Ючон блефовал. Он был уверен, что герцог не станет раскрывать его тайну. Однако Юно вернулся к дивану вместе с ним и, посылая насмешливые взгляды военному, попросил Джунсу выслушать его. Ючон держался еще несколько секунд, пока двое не отошли на почтительное расстояние от дивана. Затем он отчетливо представил себе рыдающего Джунсу, который требует, чтобы офицер с тремя классами образования больше не смел порочить память его несчастного мальчика, сорвался с места и в два прыжка настиг коварного герцога и доверчивого художника.
— Я тут подумал, Су, — заговорил он, сам не зная, что скажет в следующий момент. — Это… ну… Мин правда нехорошо так поступил. Как паскуда… то есть… нечестно.

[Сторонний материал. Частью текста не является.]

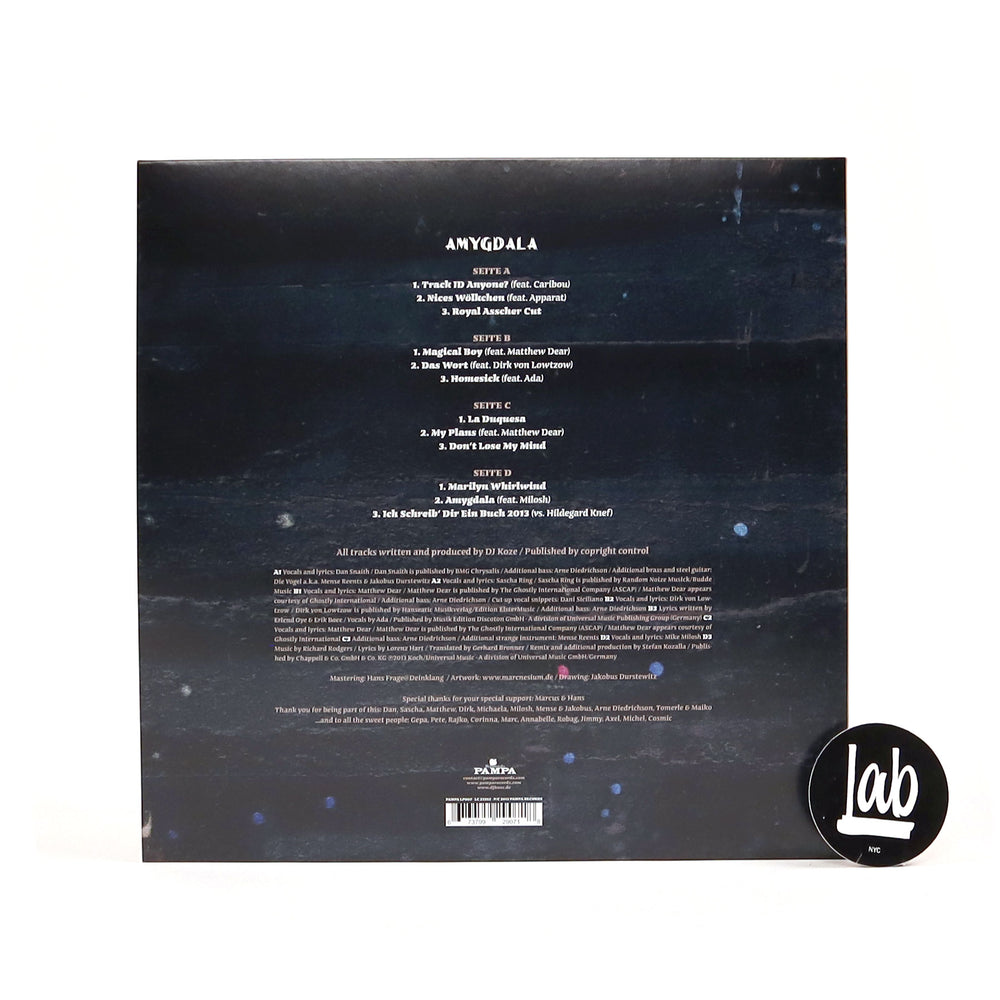 Massive full length from DJ Koze! Amygdala has been garnering rave reviews all over the place, from the most fickle of electronic music sites to the local paper your mom reads. It's definitely going to be topping at least a few best of lists once the end of the year rolls around. Once you have a chance to listen to the tracks you'll know exactly why. Koze has been in the game for nearly 15 years and wherever he's gone he's brought along a sense of warm psychedelia. Whether it's the hip hop of his early days or his minimal techno heyday that element has always been present. The album is being presented as the German producer's own Sgt. Peppers and while that may be an inflated comparison it's a rather fitting one. While Sgt. Peppers aimed to rebuild rock, Amygdala takes a similar approach to techno, proving that the genre can be fully captivating from end to end. Granted, the majority of the songs feature a softer edge to them than any floor filling techno banger. Koze's creative use of vocalists like Caribou and Matthew Dear add a depth of personality that can be missing from many electronic albums. There's a certain amount of mature restrain present as well. With its subtle take on techno Amygdala is sure to please. Limited edition 2LP pressing, includes 7" with bonus tracks "NooOoo" and "Auroville."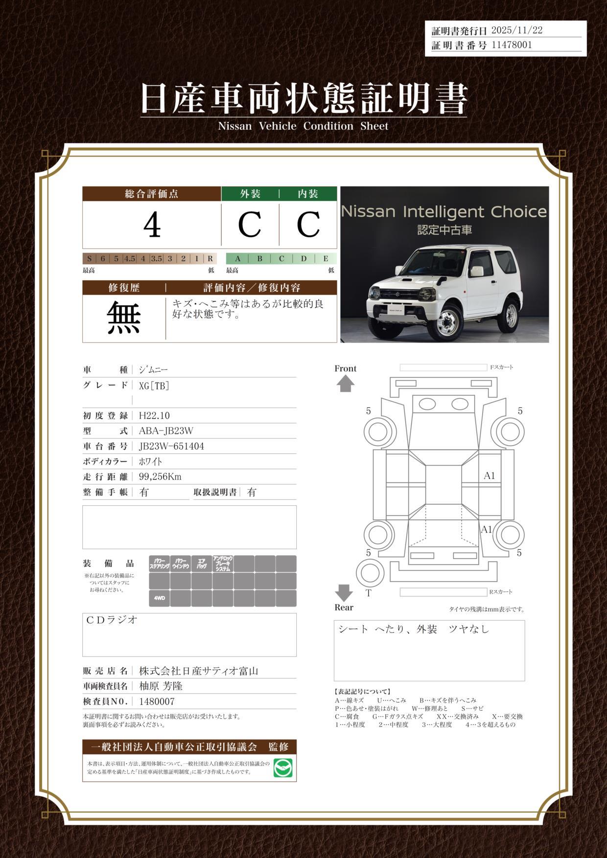 • また、修復歴・法定整備・保証の有無ならびに詳細内容につきましても、必ず各販売店にご確認いただきますようお願いいたします。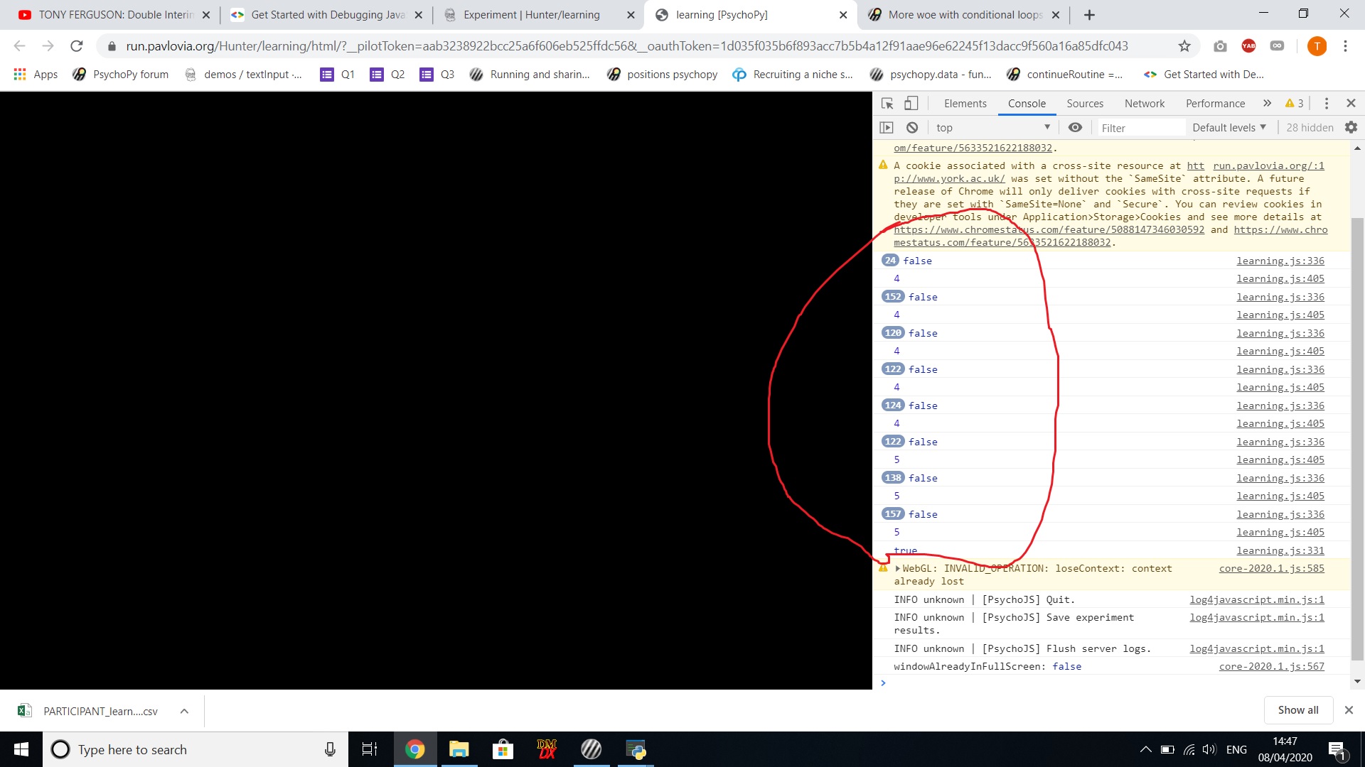 (2) skipThisTrial=True never works (this fits with what the experience I have when I run it, described above) and this lets the dictionary values keep climbing when the experiment should finish when they all reach the value of 2.

— Да, и что? — Джунсу взял его за руку. — Милый, мы ни во что вмешиваться не будем. Это опасно. Максимум — отчитаем Чанмина за то, что он потерял совесть. Так о чем, Юно, ты хотел поговорить?
— Уже ни о чем, — широко улыбнулся герцог, глядя не на Джунсу, а на Ючона. — Ерунда.
Все-таки майором оказалось нетрудно манипулировать. Он был, как удовлетворенно заключил Юно, жалок в своей собачьей привязанности к художнику, и это делало его прекрасным орудием битвы.
Дон Эстебан, колоритный латиноамериканец, будто вышедший из голливудского боевика, выслушал Чанмина со все возрастающим удивлением. Его убедила только презентация, которую старший вампир мастерски провел: укусил одного из подчиненных наркобарона и изложил его краткую биографию. Тогда дон Эстебан похлопал в ладоши и попросил принести своим мистическим товарищам лучшей текилы.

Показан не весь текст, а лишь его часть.